Telle était la réponse qui m’était faite, et que je ne pouvais comprendre. Plus de kaniki, plus de guide, plus qu’un âne, et tout allait bien ! Sur la demande d’un simple soldat, il avait envoyé deux charges de mérikani, valant cent cinquante dollars en numéraire ; six cents mètres d’étoffe ! de quoi nourrir cinquante hommes de Bagamoyo à l’Ounyanyembé. Évidemment il était fou. J’allais le savoir, d’ailleurs, en arrivant à Kiora, où je vis de loin sa tente, perchée sur un tas de fumier.

Dès qu’il entendit ma voix, Farquhar se traina hors de sa demeure, ce qu’il n’avait pas fait depuis quinze jours. Je n’aurais jamais reconnu mon joyeux marin dans cet homme pâle et bouffi, aux jambes éléphantines ; il était parti de Bagamoyo si alerte et si pimpant !
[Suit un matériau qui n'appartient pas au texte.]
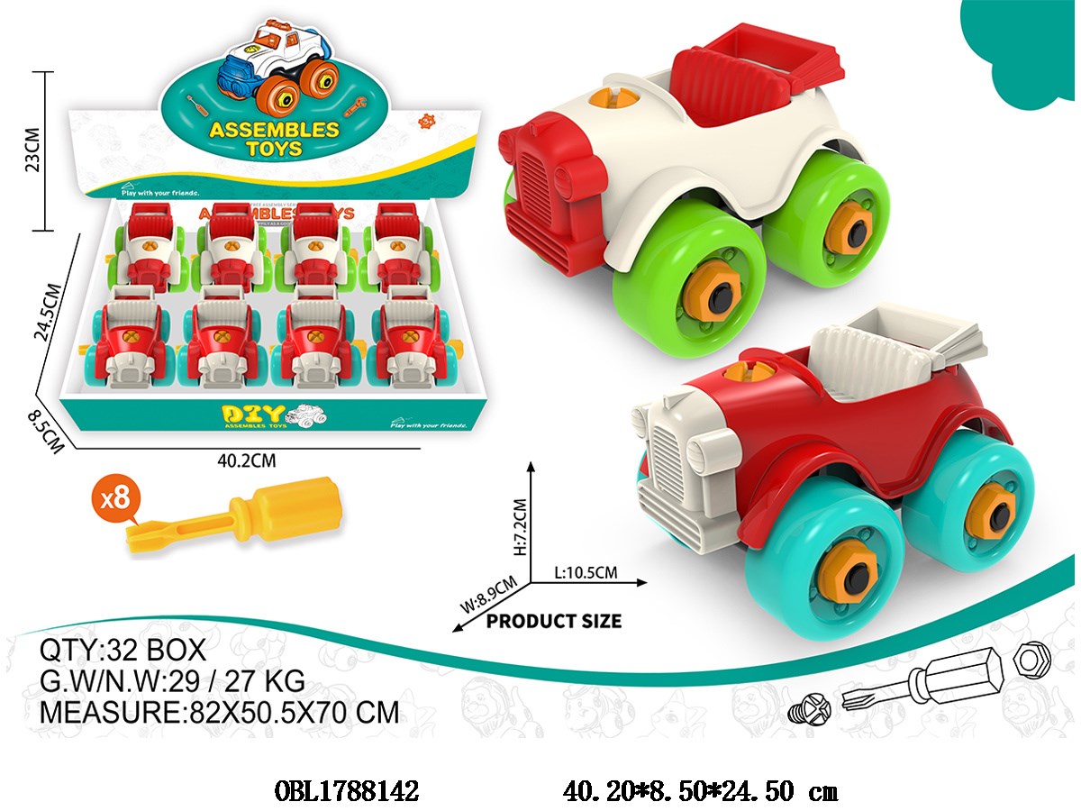Disassemble and assemble convertible car with 2 colors mixed, 8 pieces in 1 display box
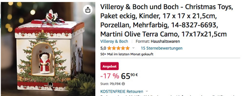 Amazon bietet aktuell ausgewählte Küchenprodukte von Tefal, Emsa, WMF, Villeroy & Boch und mehr billiger an, solange der Vorrat recht. Die Villeroy & Boch 14-8327-6693 Christmas Toys Geschenkebox mit Teelichthalter und Spieluhr bekommt man im Laufe dieser Aktion für 65,90€. Material : Porzellan Größe : 17x17x21,5cm Amazon Kunden haben diese nostalgische Weihnachtsdeko mit sehr guten 5 Sternen benotet (15 Sternebewertungen).
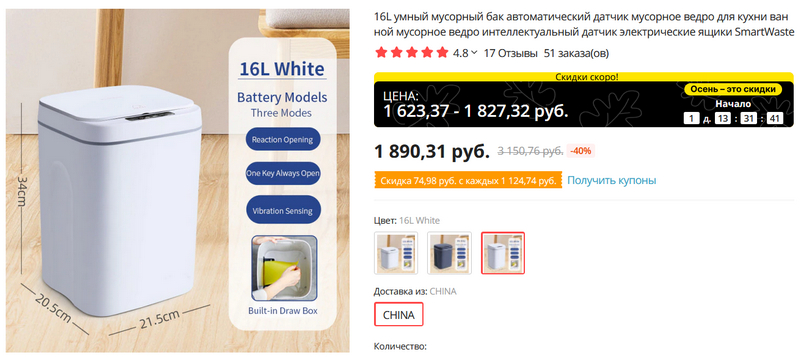 Страшно умное мусорное ведро на 12 или 16 литров, в которое можно стелить обычные мусорные пакеты. Крышка открывается по кнопке, по датчику движения (расстояние до 25 см), а также если ведро просто пнуть (отличная идея). Крышка открывается совершенно бесшумно, закрывается плотно (запахи не пропускает). В темноте еще и включается подсветка. Заказываю немедленно, я давно такое хотел для кабинета.
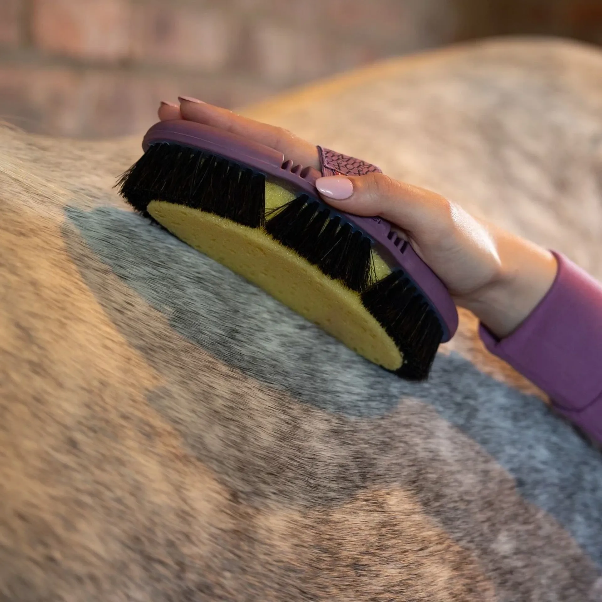The LeMieux Flexi Sponge Brush is perfect for bath time. Achieve a sparkling clean with this two-in-one flexi sponge brush, ideal for a quick rub around sweaty girth areas, washing out sweat and dirt, and removing stable stains.
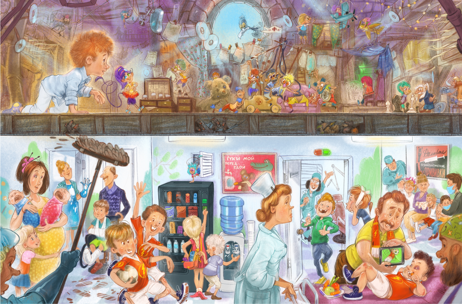 Залипательный разворот для книжки про медят. Слабо сосчитать всех персонажей?;)
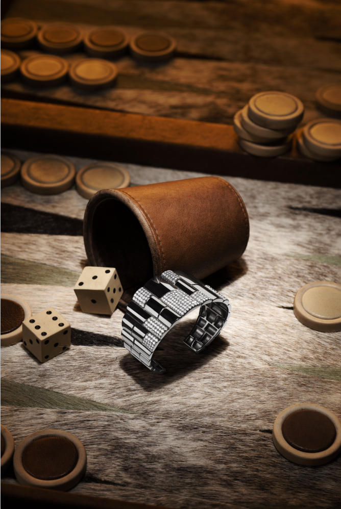 穿过罗马城赭石色的黄昏,足底与“I San Pietrini”(圣彼得石)的触感跨越千年而来——这些由火山岩雕琢而成的铺路石,以不规则的几何形态镶嵌出古城的脉络,既是历史的见证者,亦是永恒的设计图腾。APM Monaco从这一承载着文明重量的罗马街道路面中采撇灵感,将石板粗粝的轮廓提炼为干净利落的切面,让岩浆凝固的瞬间化作金属冷冽的光泽,打造出既前卫又典雅的Automne系列,契合欣赏经典传承且兼具现代风格融合的摩登爱好者。
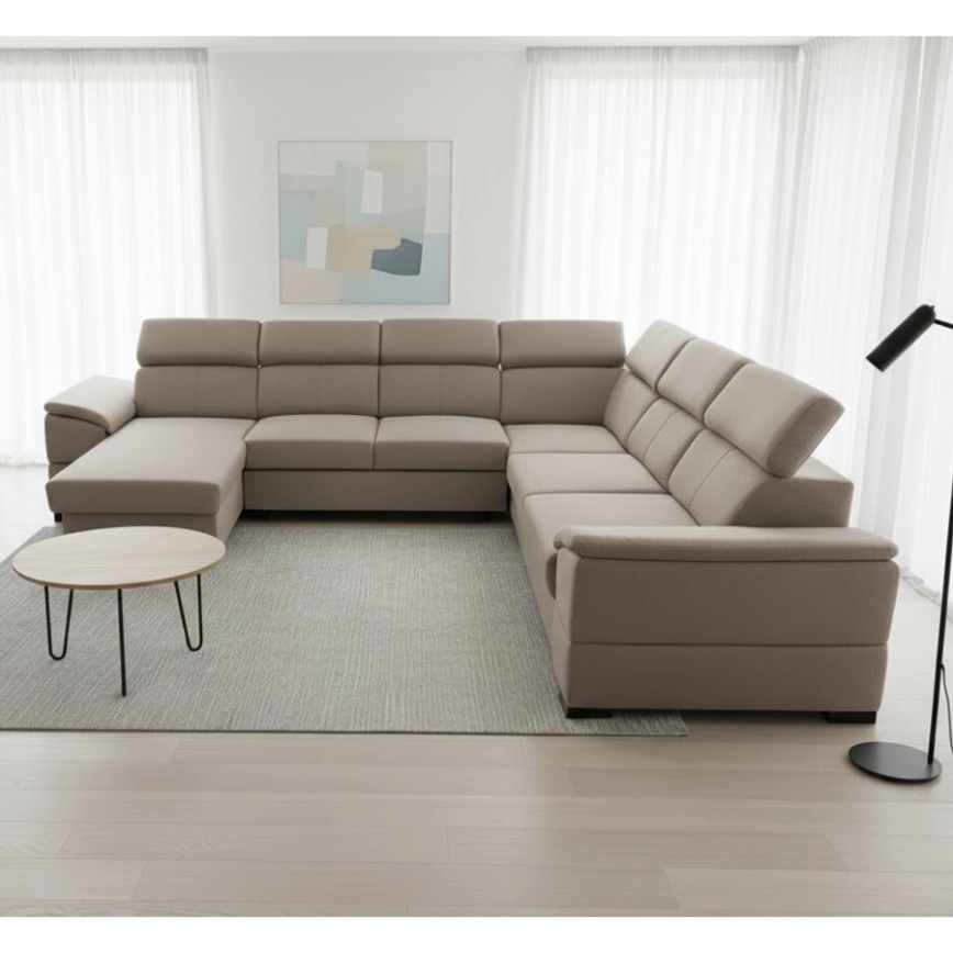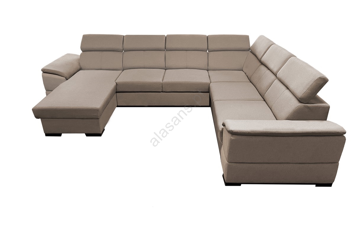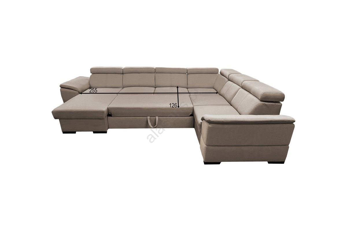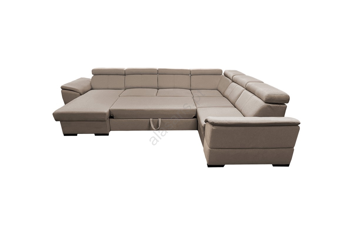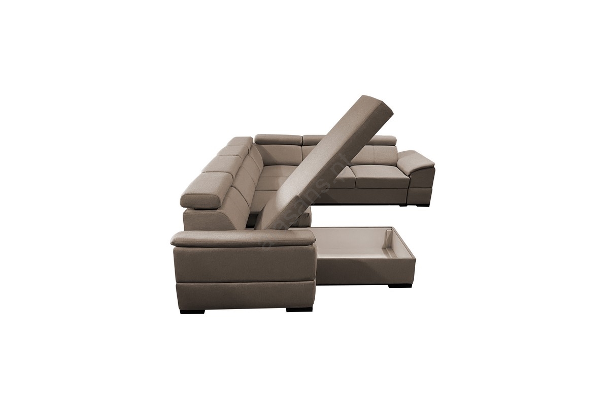 Sofá-cama em U com canto reversível e compartimento de arrumação GRANADA bege
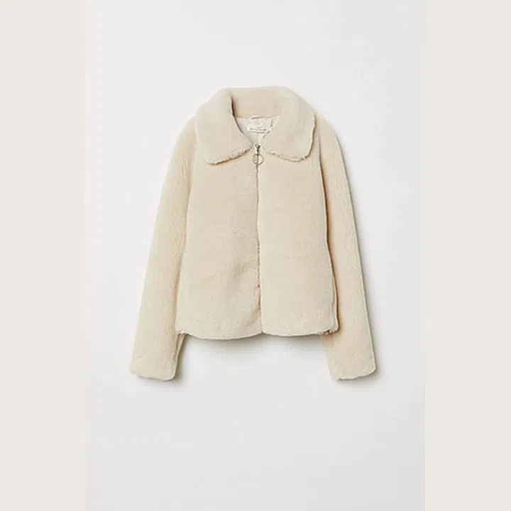 This cream coloured faux fur biker jacket will be a perfect alternative to a camel wool coat. We like that it’s edgy yet in a feminine shade. Dress it up with a pleated wool dress and a pair of thigh-high leather boots.
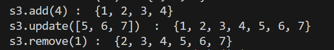 print('s3.update([5, 6, 7]) : ', s3)

Une colline aérée dominait le village ; j’y fis établir notre boma ; et, lorsque ma tente fut dressée, j’y fis porter le malade.

Interrogé sur son état, Farquhar me dit qu’il ne savait pas d’où cela lui était venu et qu’il n’éprouvait aucune douleur.

« Vous ne souffrez pas dans le côté droit ? lui demandai-je.

— Si, du moins je le crois ; mais je n’en sais rien.

— Il ne vous arrive pas quelquefois de sentir au-dessus de la mamelle gauche un élancement, accompagné de suffocation.

— Oui ; quelquefois j’ai l’haleine courte. »

Toujours des réponses ambiguës. La seule chose qu’il accusât nettement, c’était le mauvais état de ses jambes, horriblement gonflées, « Il avait un appétit de cheval, et n’en était pas moins faible. »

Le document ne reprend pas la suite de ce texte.